Holocaust adds twist to Albright's gripping tale

The personal story of Madeleine Korbel Albright was already arresting; the Czech girl whose family fled Prague and the Communist coup of 1948 for America, where she would rise to become the first woman Secretary of State. Now there is more. Her origins, it seems, are not Catholic but Jewish, and three of her grandparents perished in the Holocaust.

These revelations, which have apparently surprised Ms Albright almost as much as anyone else, came in yesterday's Washington Post, the fruit of research by the paper into her background in Czechoslovakia, which her parents left after the Nazi occupation in 1939. The Korbel family spent the war in London before returning home in 1945. Three years later they left for the US, for good.

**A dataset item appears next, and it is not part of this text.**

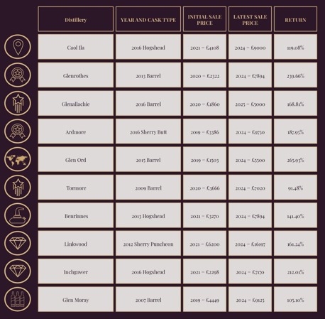 We’ve covered off geography, but what about distillery performance itself? The table below showcases Cask Trade sales data from 2019 - September 2025, giving some fantastic insight into some of the top performing casks recently.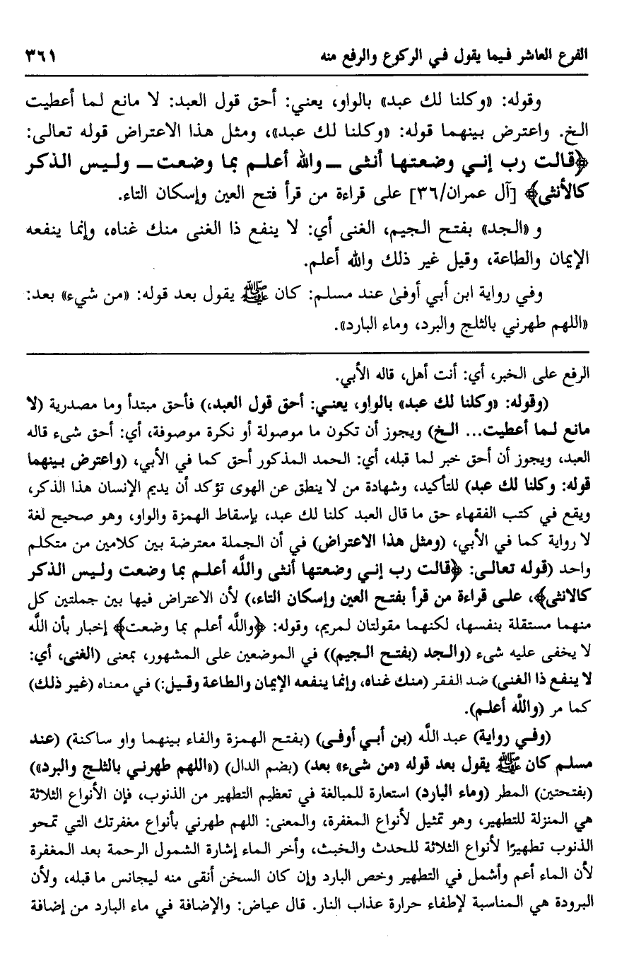 "وقوله: "وكلنا لك عبد" بالواو، يعني: أحق قول العبد" فأحق مبتدأ وما مصدرية "لا مانع لما أعطيت ... إلخ " ويجوز أن تكون ما موصولة أو نكرة موصوفة، أي: أحق شيء قاله العبد، ويجوز أن أحق خبر لما قبله، أي: الحمد المذكور أحق كما في الأبي، "واعترض بينهما قوله: "وكلنا لك عبد" للتأكيد، وشهادة من لا ينطق عن الهوى تؤكد أن يديم الإنسان هذا الذكر، ويقع في كتب الفقهاء حق ما قال العبد كلنا لك عب، بإسقاط الهمزة والواو، وهو صحيح لغة لا رواية كما في الأبي، "ومثل هذا الاعتراض" في أن الجملة معترضة بين كلامين من متكلم واحد "قوله تعالى: {قَالَتْ رَبِّ إِنِّي وَضَعْتُهَا أُنْثَى وَاللَّهُ أَعْلَمُ بِمَا وَضَعَتْ وَلَيْسَ الذَّكَرُ كَالأُنْثَى} على قراءة من قرأ بفتح العين وإسكان التاء" لأن الاعتراض فيها بين جملتين كل منهما مستقلة بنفسها، لكنهما مقولتان لمريم، وقوله: {وَاللَّهُ أَعْلَمُ بِمَا وَضَعَتْ} إخبار بأن الله لا يخفى عليه شيء "والجد "بفتح الجيم" في الموضعين على المشهور، بمعنى "الغنى، أي: لا ينفع ذا الغنى" ضد الفقر "منك غناه، وإنما ينفعه الإيمان والطاعة وقيل": في معناه "غير ذلك" كما مر "والله أعلم".

The Post said German, Czech and Jewish archive documents, including transportation lists to Auschwitz, suggested at least a dozen of her relatives were victims of the Holocaust, including three grandparents, uncles, aunts and cousins. Ms Albright, 59, was never told as a child, and her parents subsequently only said that these family members had died "during the course of the war".

Had the Korbels not left Prague in 1939, they probably would have met the same fate.

As it was, Madeleine Korbel was brought up as a Catholic, before becoming an Episcopalian. "I have always thought of myself as a Czechoslovak Catholic," she told the Post. But, she said, the new information was "fairly compelling." She planned to conduct further research herself: "Obviously it is a very personal matter for my family and brother and sister and children. The only thing I have to go by is what my mother and father told me." They have died - her father Josef, himself a former diplomat, in 1977, and her mother Mandula in 1989.

Ms Albright is not the first Secretary of State to have fled tyranny in Europe. In 1938, a 15-year-old German Jewish boy named Henry Alfred Kissinger came to America with his family to escape Hitler's persecution. Those origins did not prevent him brokering the Israeli-Arab truce after the 1973 war.

But as a woman, and as chief foreign policy aide of a President reckoned as pro-Israeli as any in recent times, she may have greater problems in the region. Hardly had she been nominated last December than sections of the Arab press were portraying her as a card-carrying member of the US Zionist lobby.